Pro tip: Don’t start a multi-part series of posts on locality right before the beginning of the semester and when you have a pile of papers to review. On the upside, this will give you guys some extra time to digest all the concepts in the three previous posts. In the meantime, here’s a quick and dirty post on corpus linguists and why it should be part of our syntax curriculum. I didn’t even proofread it, so beware.

First, to be clear, by corpus linguistics I mean the science of designing and constructing corpora, not linguistics that happens to take data from corpora. I have to admit, I consider corpus linguistics of this kind one of the dullest parts of computational linguistics. Lots of annotation grind, tedious details like what tag set would be best, even how to structure the files and organize the whole corpus. I don’t envy anybody who has to spend a lot of time on such questions. It’s as if somebody decided that linguistics isn’t enough like accounting and set out to fix that.

But you know what, accounting may be blander than a rice cracker in the shape of Benedict Cumberbatch’s face (i.e., a brick), but that doesn’t mean it’s irrelevant. Actually, everybody should know a bit about accounting, at least the very basics that run under the banner of personal finance. And I think looking a bit at corpora would be a valuable addition to a grad-level syntax intro. No, it’s not because corpora are the bee’s knees, it’s because they highlight certain issues that are usually glossed over in syntax.

One is the problem of translating between theories. For instance, CCGbank was automatically created from the Penn Treebank to serve as a large scale corpus for Combinatory Categorial Grammar. This paper by Hockenmayer & Steedman covers in detail how it was done, and it’s not straight-forward. There’s multiple reasons for that. One is that CCG doesn’t have movement/traces and instead relies on flexible constituency to get things to combine in the right manner. That’s a major difference to other formalisms, and while a lot of it is fairly easy to translate, there are some tough nuts. Those also tend to be nuts that linguists care about. There are some syntacticians who subscribe to the idea that all syntactic formalisms are essentially different encodings of the GB insights. The problem of translating corpora shows that even if this is true, the encodings are sufficiently different that humans can’t figure out how to automatically translate between them while preserving all linguistic commitments.
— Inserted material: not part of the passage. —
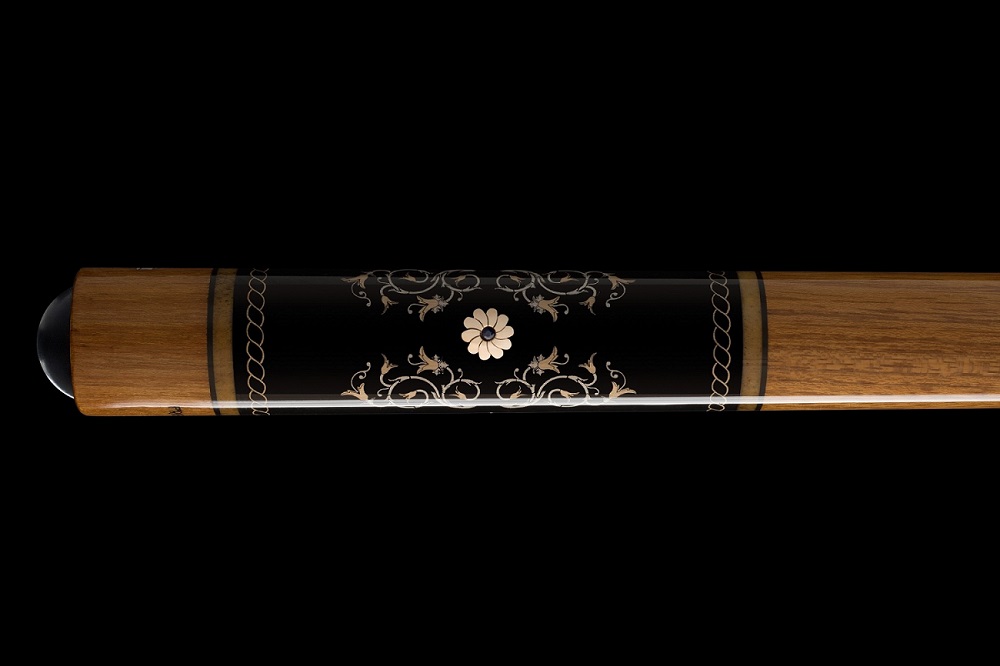 Its ornament is made of fine gold and silver plates, the thoroughly elaborated and hand-carved 1128 inlays and the 20 sapphire marquetries give the cue a remarkable sight.

But that’s just the first reason why creating CCGbank was hard. Another one is that the Penn Treebank isn’t based on fully formalized grammar of English, so there can be idiosyncratic differences between trees due to annotator preferences or hunches. That’s a nice argument why you want to have a grammar rather than just winging it, right?

Actually, hold your horses. If the Penn Treebank hadn’t gone with just winging it, it probably would not exist at all. There are tons of cases that are devilishly hard to figure out yet haven’t attracted a lot of attention from linguists. Now you could stipulate a specific solution only to realize 2000 sentences later that your solution doesn’t always work, or you just accept that you won’t be able to come up with something good and decide to just wing it. This is very interesting because it points out phenomena that we do not have a solid handle of yet. Syntacticians tend to emphasize the opposite side of the coin, i.e. that many interesting phenomena won’t be present in a corpus at all. For instance, the Penn Treebank is an annotated sample of WSJ articles, so you’re not gonna find any negative concord in there, and questions and imperatives are also rare. But we should not fall prey to the fallacy of implicational perfection and infer that corpora contain nothing of interest at all.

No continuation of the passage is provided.